Grammar Lady: Mary Newton Bruder is the person behind this impressive website. Bruder informs the visitor on the home page that "the purposes of the site are to be helpful, to raise consciousness about correct language use, and to remind everyone of the ways to have fun with language". The Grammar Hotline/Web site is a free service that attempts to answer quick grammar, punctuation, spelling, and other points about language.

Of Mice and Men: An excellent website for anyone teaching or studying John Steinbeck's novel Of Mice and Men. The website is designed to be an annotative guide to the novel. As you travel through the site, you will find hundreds of definitions to help you get more out of your reading. Click on any one of the chapter links in the frame on the left. There you will first find a short synopsis of the chapter. You will also find phrases and sentences from the book that contain words that students may have had trouble understanding. Click on any of the highlighted words, and you'll be taken to a glossary page where you will be able to find the word's definition. The website also provides help with allusions (references to various people, things, geographical locations, etc.) and idioms (expressions).

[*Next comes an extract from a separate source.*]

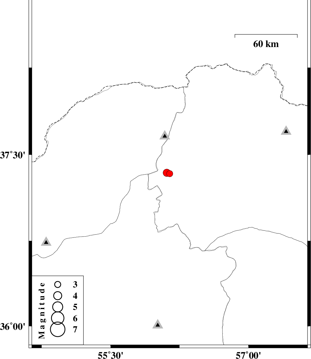| 2025/03/05 | 21:04:28.5 | 00:34:28.5 | 37.335 | 56.143 | 16 | ML:3.1 | Khorasan(north) Province, 48 km North-West of Jajarm | ||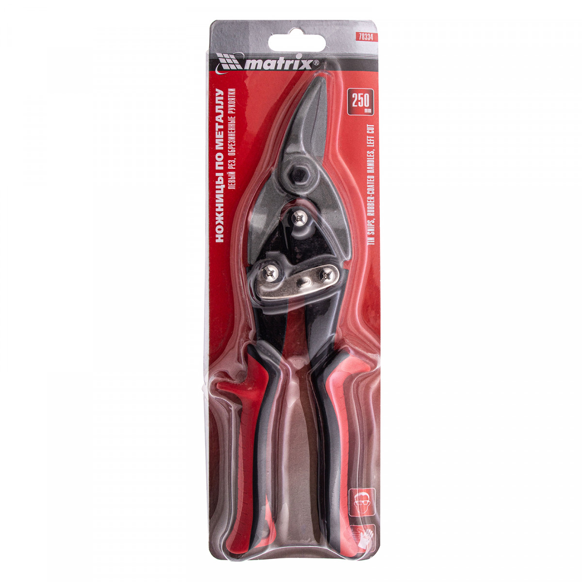 Ножницы по металлу, 250 мм, левые, обрезиненные рукоятки Matrix

Wired for Books: Read, listen, watch: these are the options for visitors to the website, Wired for Books. Using streaming media to deliver sound and video, the folks at the Ohio University Telecommunications Center are trying to get people, both young and old, excited about books. The offerings range from scholarly discussions to children's stories, from Shakespeare to Anne Rice. In-house audio productions of Macbeth and Alice's Adventures in Wonderland attract the audio book lovers, as do CBS Radio's famous author interviews, conducted by Don Swaim from the 1970s to the 1990s. The site also provides a virtual space for Ohio University writers and scholars. Notable local authors include Terry Anderson reading his poems from The Den of Lions, written while he was held hostage in Beirut during Lebanon's bloody civil war. Sometimes, special visitors to the university, such as Antonya Nelson, (In the Land of Men) stop by to record a story.

INKENT: Gareth Thomas teaches secondary English at the Archbishop's School in Canterbury. The inkentENGLISH website began in 1997 as an English teachers' links site, but since the advent of a number of good sites catering for English links, the site has evolved into a practical platform for his own teaching. It contains material to support lessons, homework, and e-texts for current work. The site is under constant revision and by the end of August 2002 it will contain all his Schemes of Work for English planned out for the school year.

ProQuest Literature: This subscription service website features over 106,000 fully searchable plays, poems and prose works. These are presented alongside thousands of secondary resources including reviews, articles, reference works, video clips and contextual images. The service also contains a growing range of teaching resources including a series of GCSE schemes of work.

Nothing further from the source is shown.